Using Spark to improve performance of large-scale machine learning problems

Diego Klabjan Partner
Read Time: 2 minutes apprx.
big data data science machine learning spark

One of the biggest hurdles in MapReduce is model calibration for machine learning models such as the logistic regression and SVM (Support Vector Machine). These algorithms are based on gradient optimization and require iterative computations of the gradient and in turn updating the weights. MapReduce is ill suited for this since in each iteration the data has to be read from HDFS (Hadoop Distributed File System) and there is significant cost of starting and winding down a MapReduce job.

On the other hand, Spark with its capability to persist rdd’s (resilient distributed dataset) in memory and natively offering dataflow capabilities, is a great candidate for efficient calibration on rdd’s.
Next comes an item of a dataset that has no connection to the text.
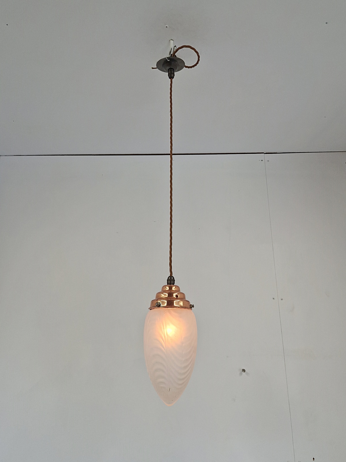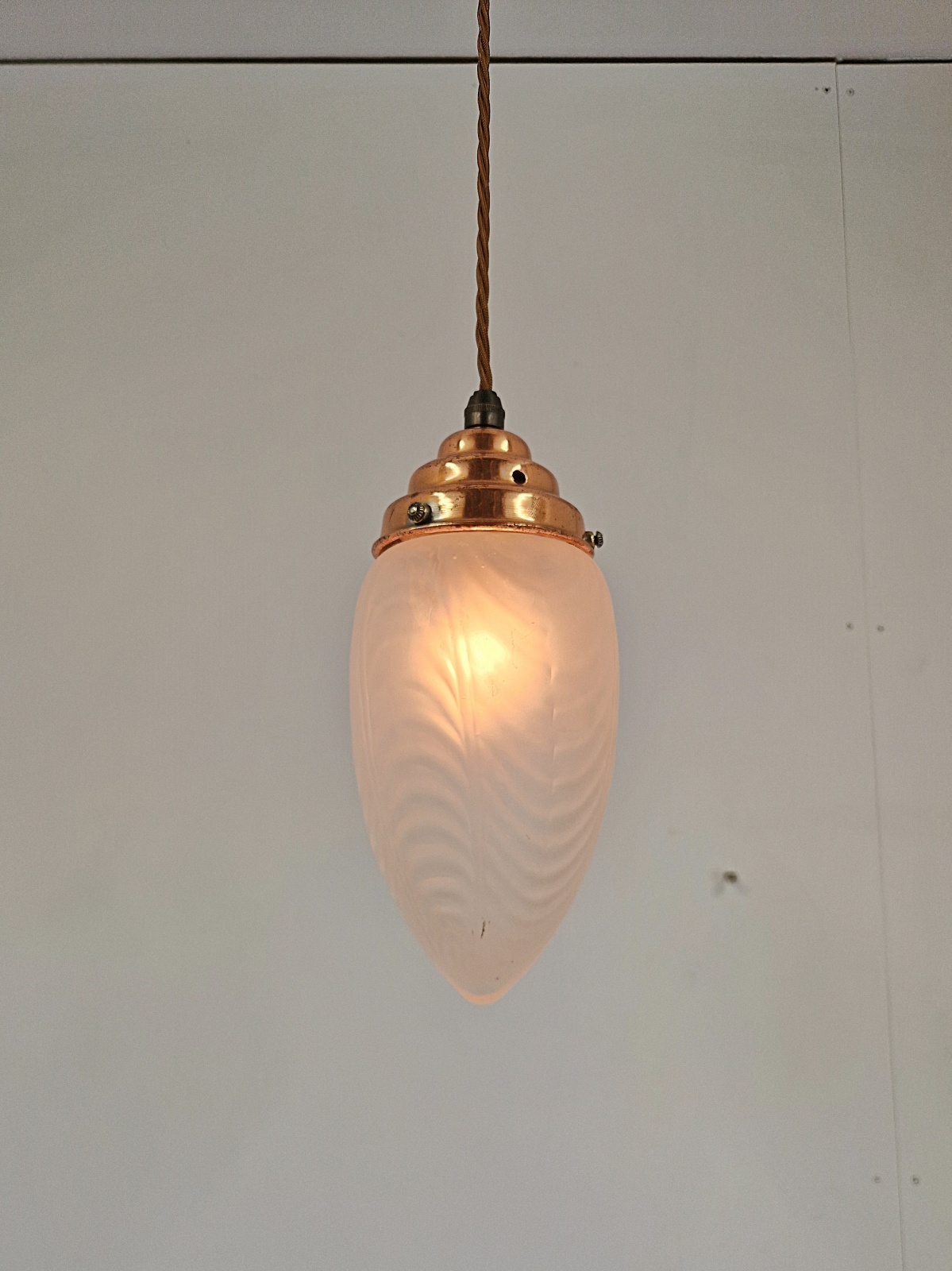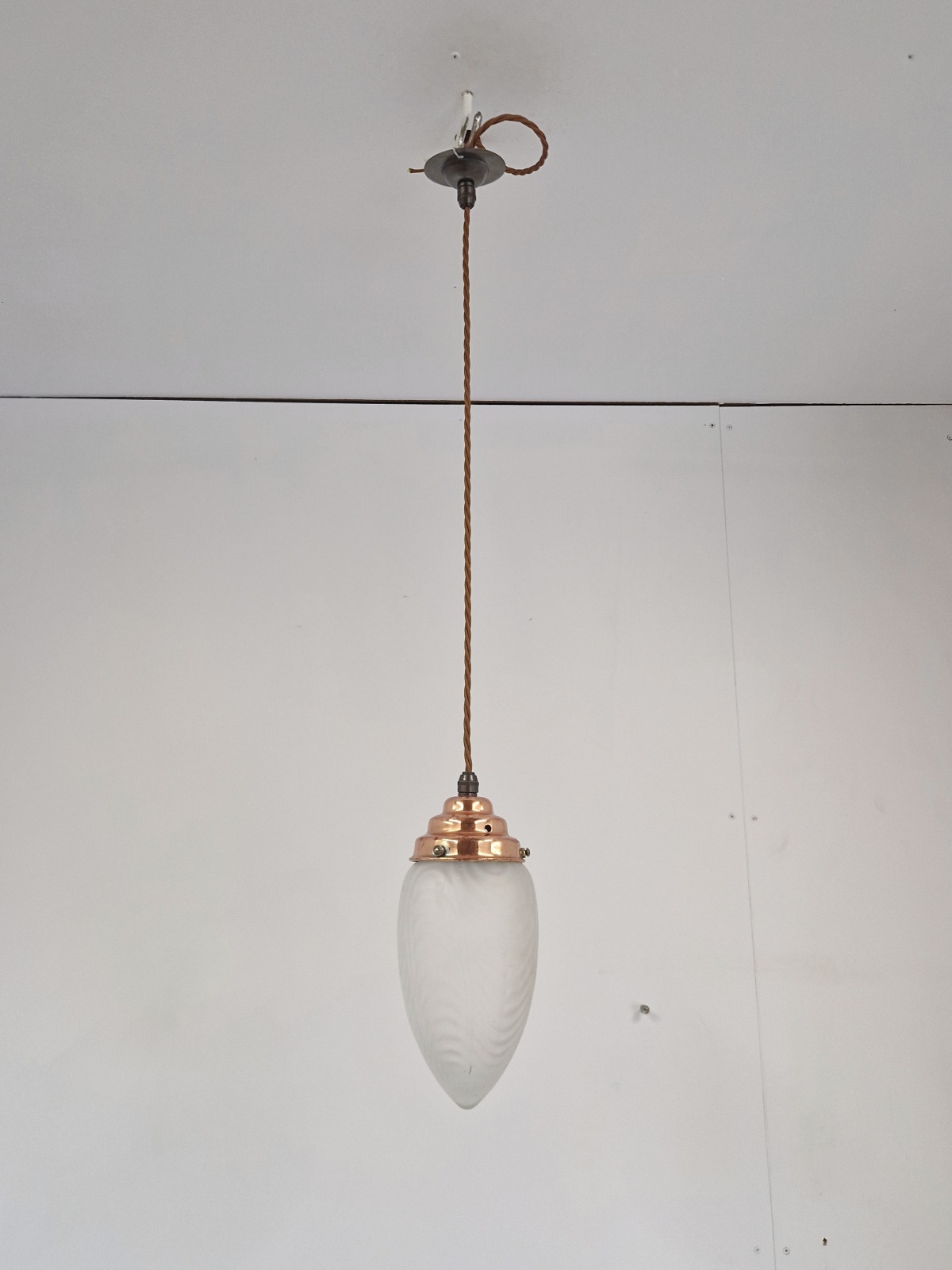 Product Code: JAL1276A satin-glass arts and crafts lampshade with original copper gallery and replacement ceiling rose for suspension. English, c.1900

Gradient based algorithms on distributed data sets rely on the paradigm of solving the optimization problem on each partition and then combining the solutions together. We implemented in scala three algorithms.

1.  Iterative parameter averaging (IPA): On each partition a single pass of the standard gradient algorithm is performed which produces weights. Weights from each partition are then averaged and form the initial weights for the next pass. The pseudo code is provided below.

Initialize w

Loop

Broadcast w to each partition

weightRDD = For each partition in rdd inputData

wp = w

Perform a single gradient descent pass over the records in

the partition by iteratively updating wp

Return wp

/* weightRDD is the rdd storing new weights */

w = average of all weights in weightRDD

Return w

The key is to keep the rdd inputData in memory (persist before calling IPA).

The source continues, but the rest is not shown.